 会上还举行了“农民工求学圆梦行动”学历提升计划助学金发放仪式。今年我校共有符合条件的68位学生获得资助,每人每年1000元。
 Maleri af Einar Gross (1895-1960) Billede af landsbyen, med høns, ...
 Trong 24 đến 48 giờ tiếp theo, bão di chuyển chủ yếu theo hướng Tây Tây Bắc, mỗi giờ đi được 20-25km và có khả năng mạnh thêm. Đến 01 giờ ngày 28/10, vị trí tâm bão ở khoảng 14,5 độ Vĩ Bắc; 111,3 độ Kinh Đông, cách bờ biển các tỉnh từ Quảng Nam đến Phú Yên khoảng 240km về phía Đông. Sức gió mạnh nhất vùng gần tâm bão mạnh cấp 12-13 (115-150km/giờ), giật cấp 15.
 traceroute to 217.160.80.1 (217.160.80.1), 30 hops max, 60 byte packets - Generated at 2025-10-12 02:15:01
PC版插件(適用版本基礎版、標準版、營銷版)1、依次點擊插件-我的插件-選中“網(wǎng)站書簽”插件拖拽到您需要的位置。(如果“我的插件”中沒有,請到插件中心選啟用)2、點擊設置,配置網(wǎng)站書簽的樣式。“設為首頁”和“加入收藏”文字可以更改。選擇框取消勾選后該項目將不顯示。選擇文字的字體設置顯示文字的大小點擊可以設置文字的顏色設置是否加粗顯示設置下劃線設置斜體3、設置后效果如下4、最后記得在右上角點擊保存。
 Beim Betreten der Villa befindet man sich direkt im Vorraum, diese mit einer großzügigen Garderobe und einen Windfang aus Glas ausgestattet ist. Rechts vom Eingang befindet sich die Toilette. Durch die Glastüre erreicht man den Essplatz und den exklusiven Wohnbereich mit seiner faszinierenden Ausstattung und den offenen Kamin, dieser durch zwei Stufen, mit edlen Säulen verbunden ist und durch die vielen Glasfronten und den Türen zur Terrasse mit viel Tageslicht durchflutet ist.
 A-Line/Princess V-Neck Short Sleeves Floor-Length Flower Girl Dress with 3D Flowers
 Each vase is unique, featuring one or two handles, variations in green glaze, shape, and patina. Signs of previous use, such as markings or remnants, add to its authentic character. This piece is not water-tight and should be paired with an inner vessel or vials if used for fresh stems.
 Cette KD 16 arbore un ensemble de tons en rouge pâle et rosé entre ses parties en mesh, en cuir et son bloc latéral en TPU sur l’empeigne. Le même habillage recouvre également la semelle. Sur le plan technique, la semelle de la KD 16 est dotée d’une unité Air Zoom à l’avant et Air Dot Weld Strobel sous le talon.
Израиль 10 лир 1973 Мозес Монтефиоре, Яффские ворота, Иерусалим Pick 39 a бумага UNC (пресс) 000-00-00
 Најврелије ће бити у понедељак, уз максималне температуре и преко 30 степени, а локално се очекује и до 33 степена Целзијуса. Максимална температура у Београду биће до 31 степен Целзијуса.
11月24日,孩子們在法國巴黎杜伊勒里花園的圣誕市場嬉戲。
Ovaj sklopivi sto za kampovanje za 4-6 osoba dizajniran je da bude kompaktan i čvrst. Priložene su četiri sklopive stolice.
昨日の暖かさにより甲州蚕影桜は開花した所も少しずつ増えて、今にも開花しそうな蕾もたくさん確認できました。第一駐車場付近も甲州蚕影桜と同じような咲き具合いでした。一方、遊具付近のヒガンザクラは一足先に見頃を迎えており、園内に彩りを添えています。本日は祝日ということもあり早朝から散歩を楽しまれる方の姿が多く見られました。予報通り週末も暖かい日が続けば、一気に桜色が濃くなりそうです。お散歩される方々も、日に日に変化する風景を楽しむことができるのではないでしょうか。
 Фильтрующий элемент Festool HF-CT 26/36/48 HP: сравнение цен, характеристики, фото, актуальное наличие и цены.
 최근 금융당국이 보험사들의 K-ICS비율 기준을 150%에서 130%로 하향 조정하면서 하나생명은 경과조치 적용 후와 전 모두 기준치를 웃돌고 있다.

[Activity]: Starting at the line above that contains "Trong 24 đến", repeat each line exactly up to and including the line that contains "PC版插件(適用版本基礎版、", and stop there.

[Answer area]:
 Trong 24 đến 48 giờ tiếp theo, bão di chuyển chủ yếu theo hướng Tây Tây Bắc, mỗi giờ đi được 20-25km và có khả năng mạnh thêm. Đến 01 giờ ngày 28/10, vị trí tâm bão ở khoảng 14,5 độ Vĩ Bắc; 111,3 độ Kinh Đông, cách bờ biển các tỉnh từ Quảng Nam đến Phú Yên khoảng 240km về phía Đông. Sức gió mạnh nhất vùng gần tâm bão mạnh cấp 12-13 (115-150km/giờ), giật cấp 15.
 traceroute to 217.160.80.1 (217.160.80.1), 30 hops max, 60 byte packets - Generated at 2025-10-12 02:15:01
PC版插件(適用版本基礎版、標準版、營銷版)1、依次點擊插件-我的插件-選中“網(wǎng)站書簽”插件拖拽到您需要的位置。(如果“我的插件”中沒有,請到插件中心選啟用)2、點擊設置,配置網(wǎng)站書簽的樣式。“設為首頁”和“加入收藏”文字可以更改。選擇框取消勾選后該項目將不顯示。選擇文字的字體設置顯示文字的大小點擊可以設置文字的顏色設置是否加粗顯示設置下劃線設置斜體3、設置后效果如下4、最后記得在右上角點擊保存。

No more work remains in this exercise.